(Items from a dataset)

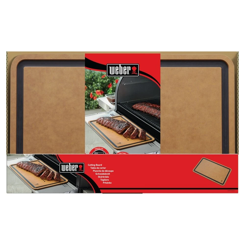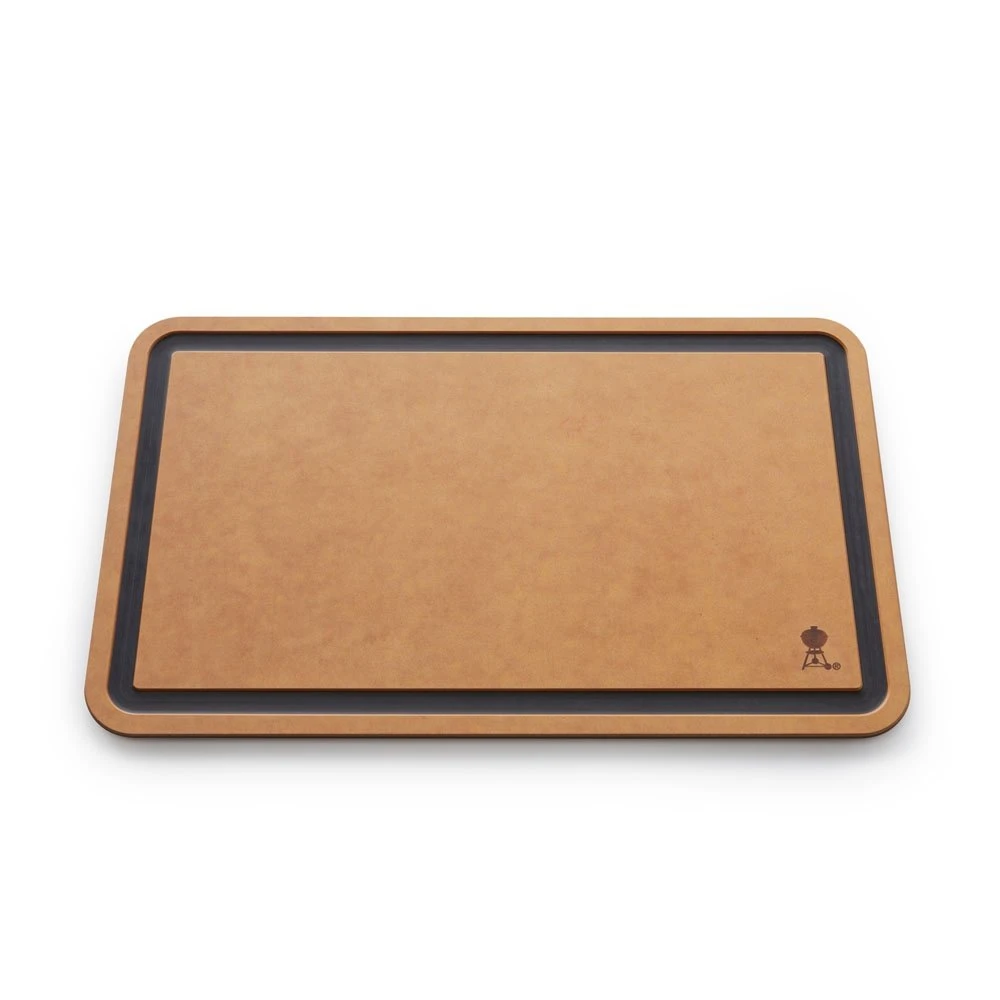 Universele snijplank. Vaatwasmachinebestendig. Gootjes voor sappen. Past in Weber® SmokeFire zijtafel (7001): rails onder tafel om de snijplank in te schuiven. Paper Wood – goedgekeurd voor bereiding voor voedsel.
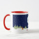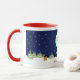 This mug has a vector illustration design with cute baby owls, wearing an oversized Santa hat and Christmas scarfs, in a snowy full moon night. You will find Rudolf and Christmas trees below. The text Merry Christmas is a template object and can be changed easily into any other text.
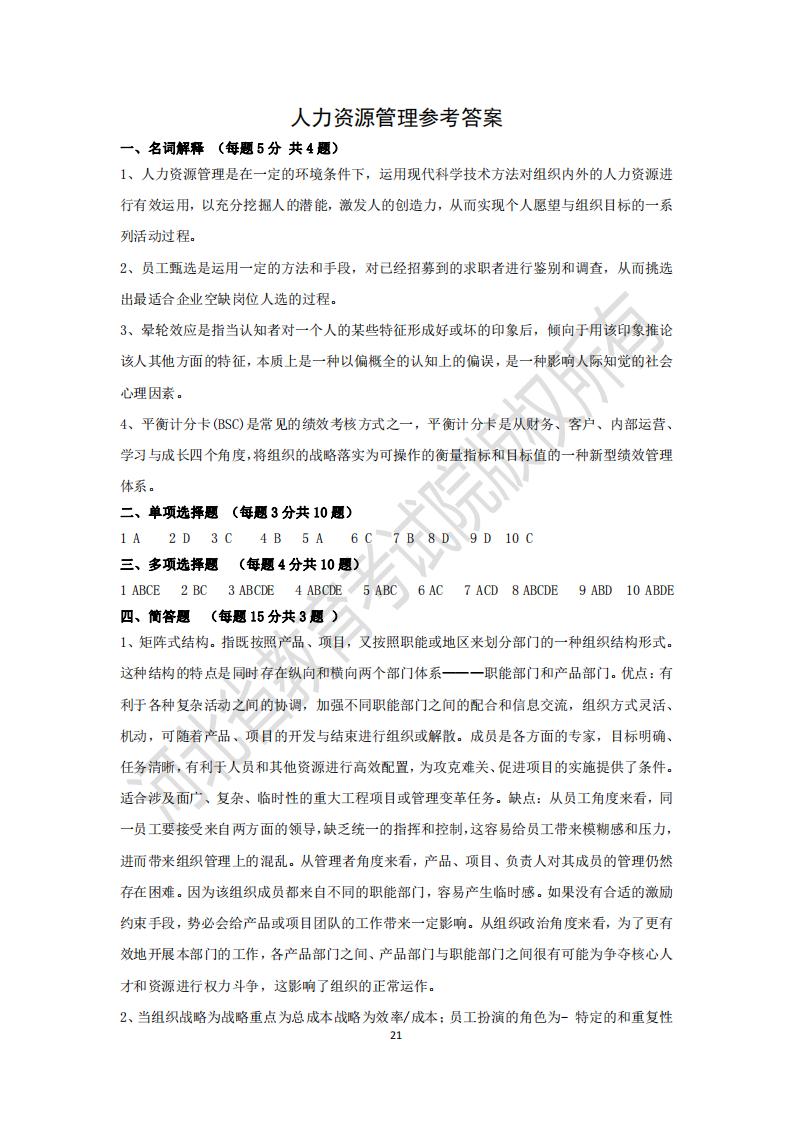 > 河北专升本考试人力资源管理模拟试卷及参考答案
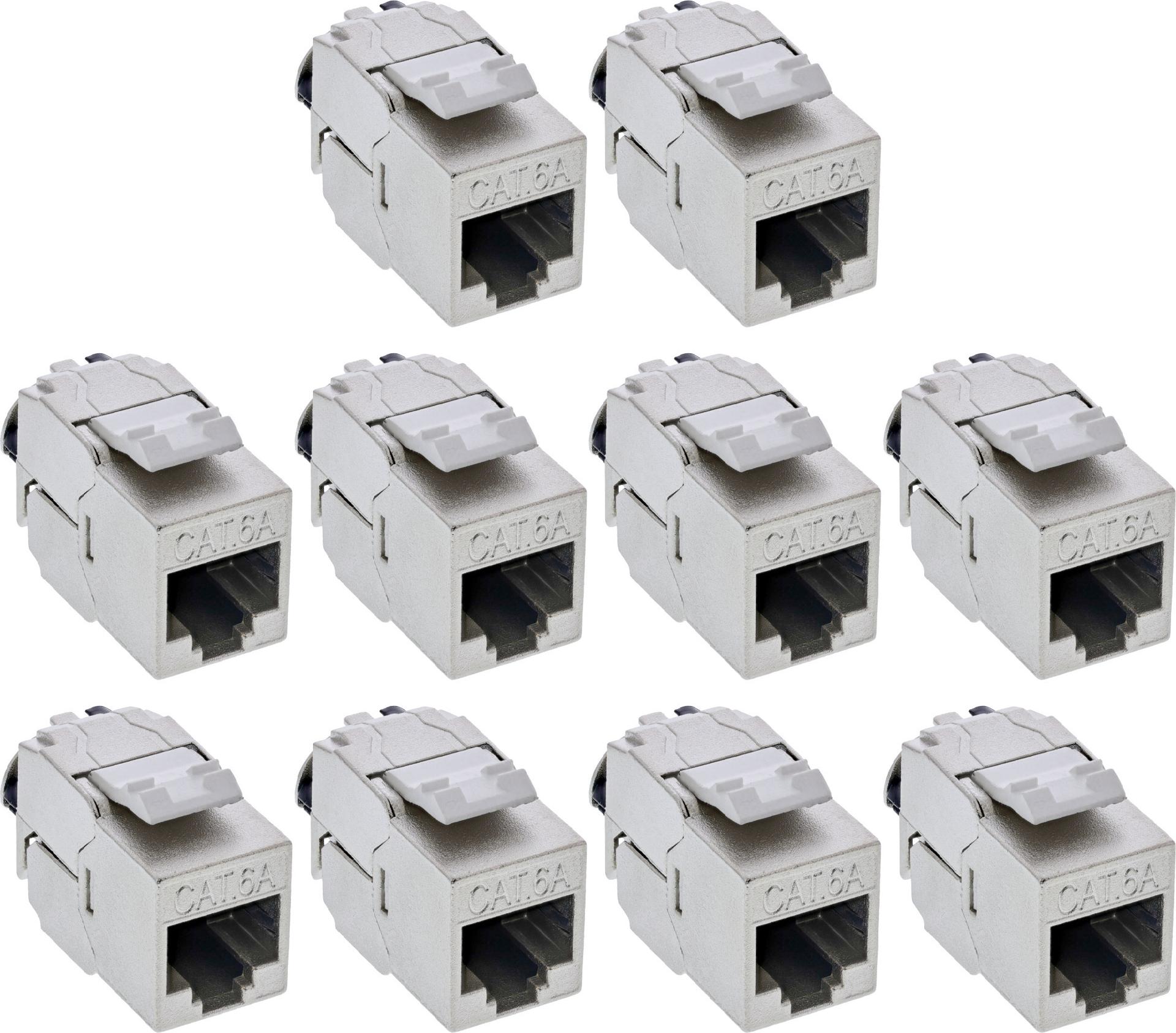 InLine® Keystone RJ45 Buchse Slim SNAP-In Cat.6A, integr. Kabelbinder, 10er Pack (76202V)
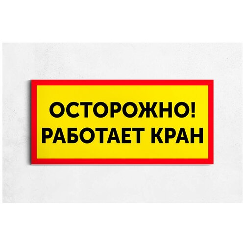 Табличка "Осторожно! Работает кран" на пластике 3 мм. / 30x13 см.

§ Directions
Pictures aside, write out all of the records exactly.

§ Output for this exercise
 Universele snijplank. Vaatwasmachinebestendig. Gootjes voor sappen. Past in Weber® SmokeFire zijtafel (7001): rails onder tafel om de snijplank in te schuiven. Paper Wood – goedgekeurd voor bereiding voor voedsel.
 This mug has a vector illustration design with cute baby owls, wearing an oversized Santa hat and Christmas scarfs, in a snowy full moon night. You will find Rudolf and Christmas trees below. The text Merry Christmas is a template object and can be changed easily into any other text.
 > 河北专升本考试人力资源管理模拟试卷及参考答案
 InLine® Keystone RJ45 Buchse Slim SNAP-In Cat.6A, integr. Kabelbinder, 10er Pack (76202V)
 Табличка "Осторожно! Работает кран" на пластике 3 мм. / 30x13 см.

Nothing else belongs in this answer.